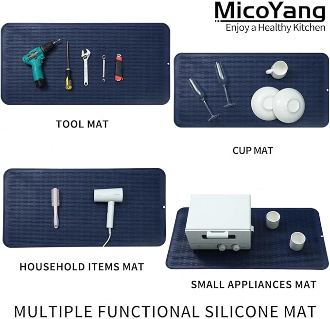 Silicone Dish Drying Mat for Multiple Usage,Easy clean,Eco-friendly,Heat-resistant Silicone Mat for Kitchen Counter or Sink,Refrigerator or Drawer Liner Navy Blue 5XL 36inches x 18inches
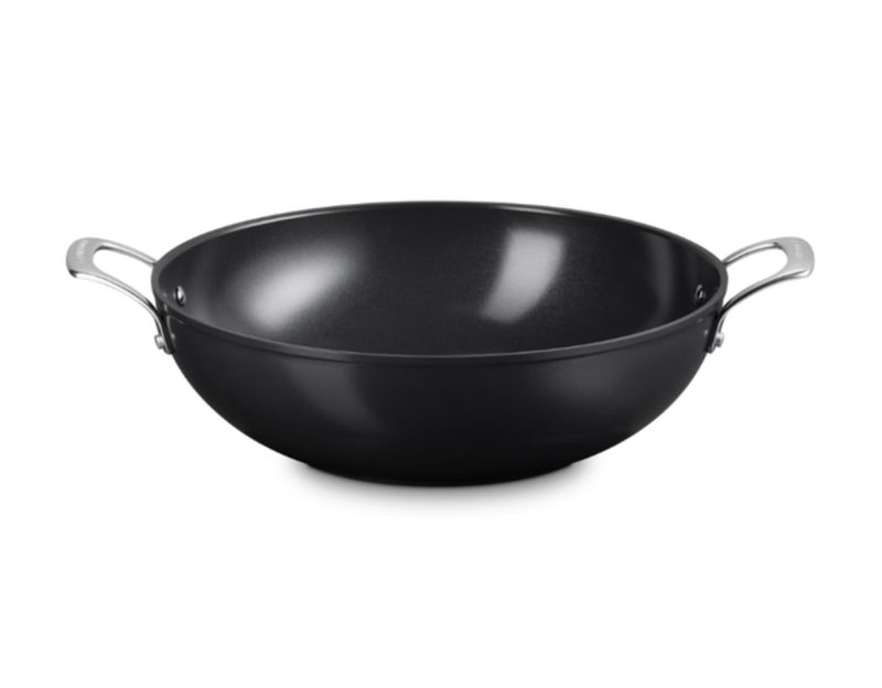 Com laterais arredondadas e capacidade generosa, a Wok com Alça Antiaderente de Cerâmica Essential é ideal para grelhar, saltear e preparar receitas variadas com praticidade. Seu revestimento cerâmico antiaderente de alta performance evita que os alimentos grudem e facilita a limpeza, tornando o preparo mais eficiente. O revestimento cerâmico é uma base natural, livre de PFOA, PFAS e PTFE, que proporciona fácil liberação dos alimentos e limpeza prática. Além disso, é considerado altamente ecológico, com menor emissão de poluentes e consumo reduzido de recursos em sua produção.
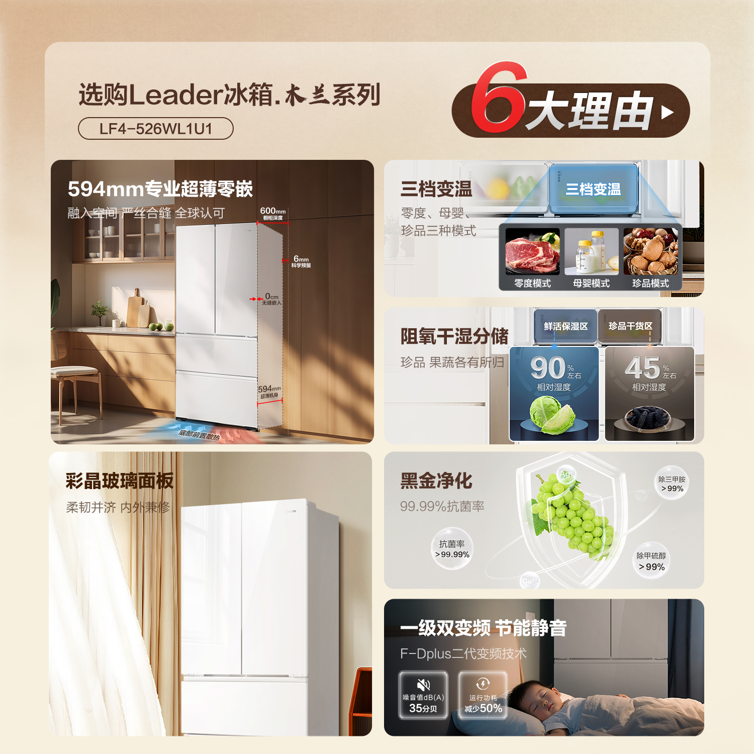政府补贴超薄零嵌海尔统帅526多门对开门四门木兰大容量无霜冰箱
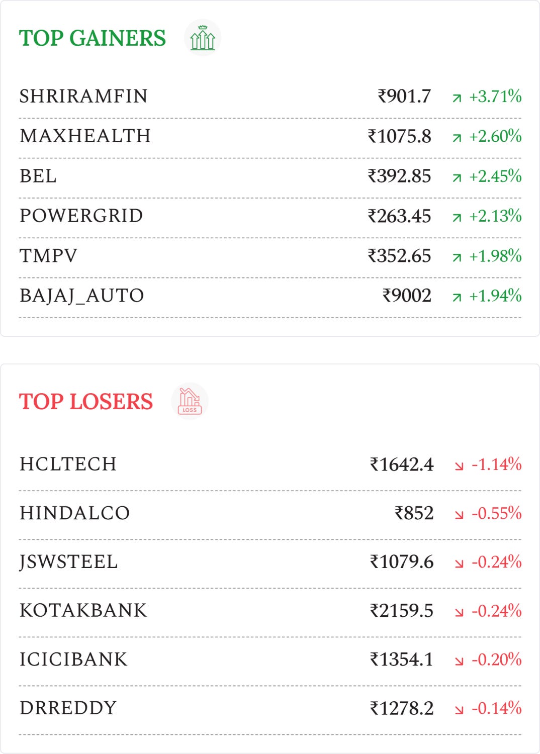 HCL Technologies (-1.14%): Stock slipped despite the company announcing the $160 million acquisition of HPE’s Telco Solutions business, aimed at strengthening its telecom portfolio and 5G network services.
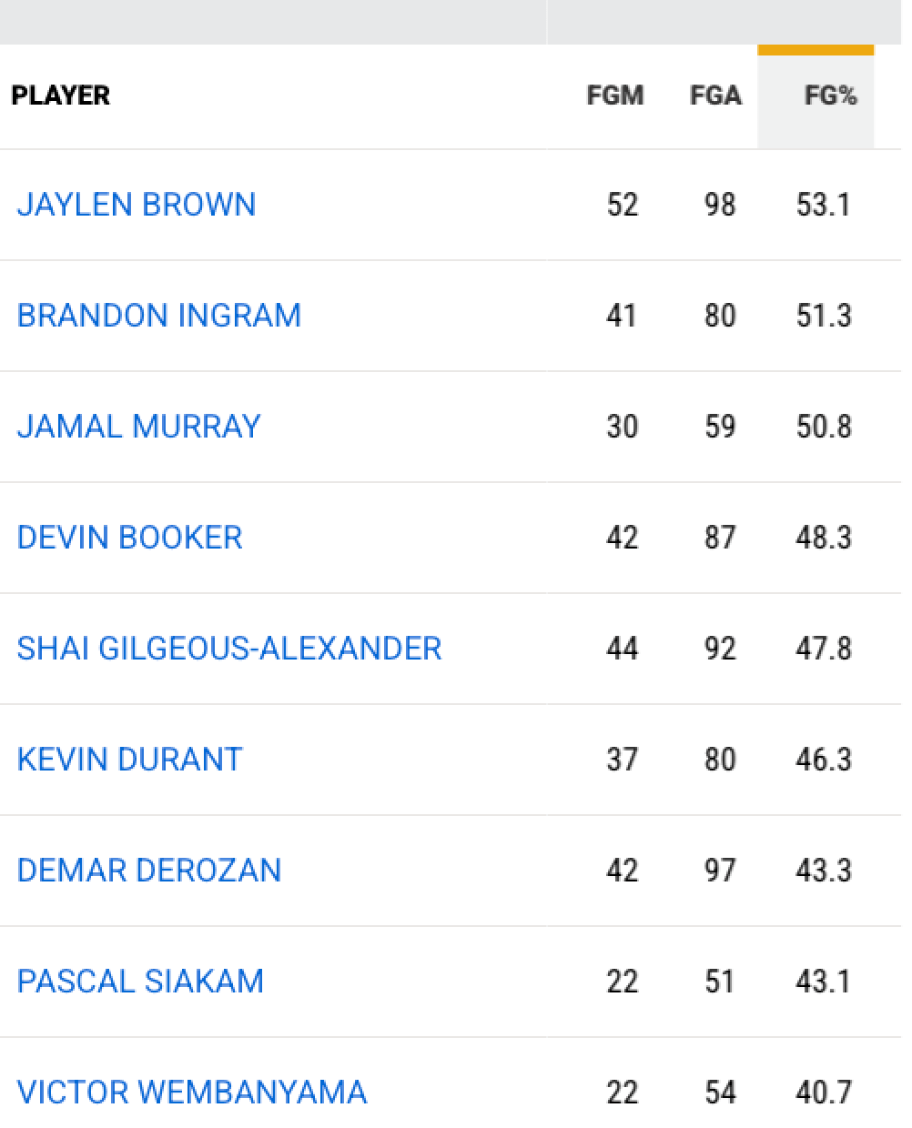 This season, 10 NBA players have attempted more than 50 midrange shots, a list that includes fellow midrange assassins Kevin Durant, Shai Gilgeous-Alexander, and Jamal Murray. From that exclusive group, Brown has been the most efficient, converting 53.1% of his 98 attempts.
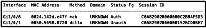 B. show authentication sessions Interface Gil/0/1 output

^^^^

* The problem
Omit the pictures. Write out exactly the lines from the one containing "This season, 10" through the last line of the entries, both of them included.

* Solution to the exercise
 This season, 10 NBA players have attempted more than 50 midrange shots, a list that includes fellow midrange assassins Kevin Durant, Shai Gilgeous-Alexander, and Jamal Murray. From that exclusive group, Brown has been the most efficient, converting 53.1% of his 98 attempts.
 B. show authentication sessions Interface Gil/0/1 output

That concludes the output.